The climate was too damp to grow onions; neither could I succeed with peas, potatoes, or turnips. Scarlet runners (Phaseolus multiflorus) grew well, and flowered abundantly, but never produced a single pod. Darwin has shown that this flower is dependent, like many others, for its fertilization upon the operations of the busy humble-bee, and that it is provided with a wonderful mechanism, by means of which its pollen is rubbed into the head of the bee, and received on the stigma of the next plant visited. There are many humble-bees, of different species from ours, in tropical America; but none of them frequented the flowers of the scarlet runner, and to that circumstance we may safely ascribe its sterility. An analogous case has been long known.
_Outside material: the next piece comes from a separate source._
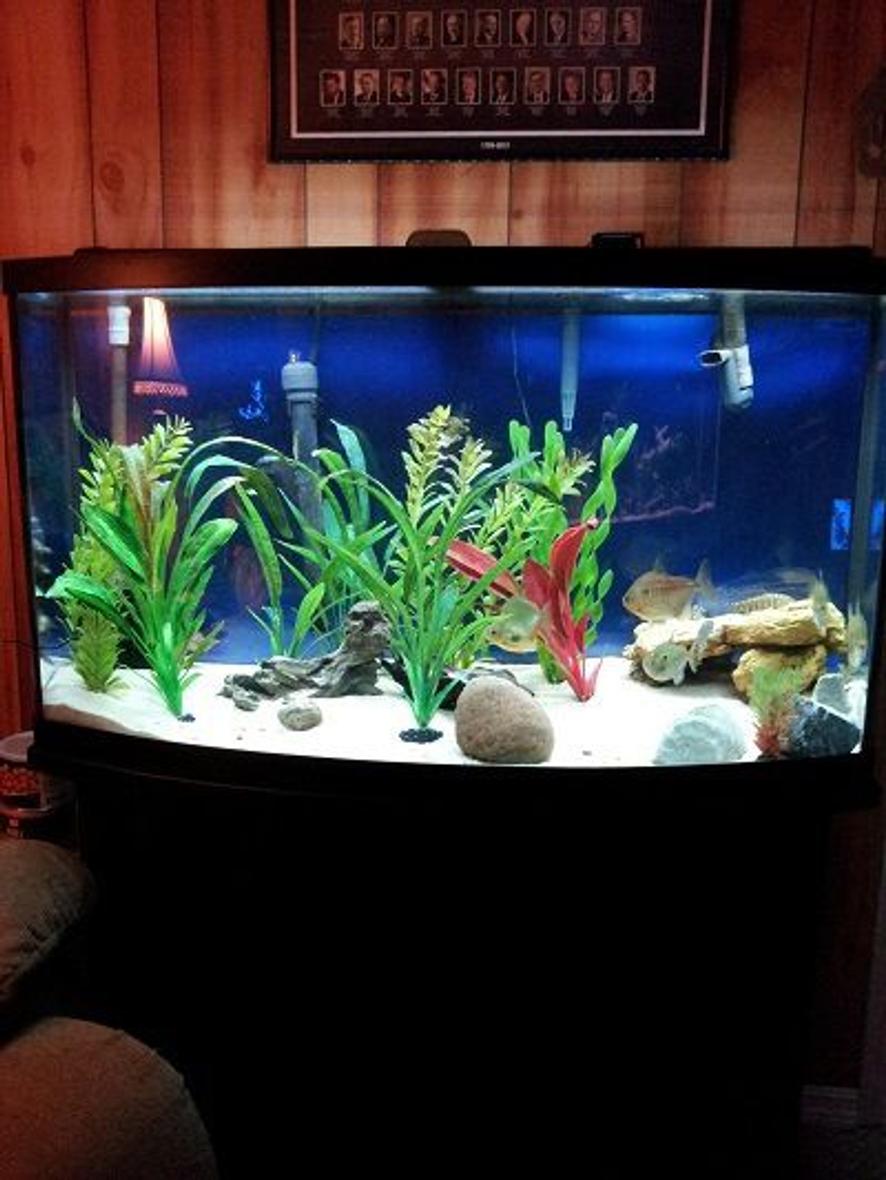 36"w bowfront, fluval 304 canister with aquaclear 70 hob. 200w heater @79degrees. led lighting.

The vanilla plant (Vanilla planifolia) has been introduced from tropical America into India, but though it grows well, and flowers, it never fruits without artificial aid. It is the same in the hothouses of Europe. Dr. Morren, of Liége, has shown that, if artificially fertilised, every flower will produce fruit; and ascribes its sterility to the absence, in Europe and India, of some insect that in America carries the pollen from one flower to another.† When those interested in the acclimature of the natural

* "Gardener's Chronicle," Oct. 24, 1857, and Nov. 14, 1858; also T. H. Farren, in "Annals of Natural History," Oct. 1868.

† Taylor's "Annals of Natural History," vol. iii. p. 1.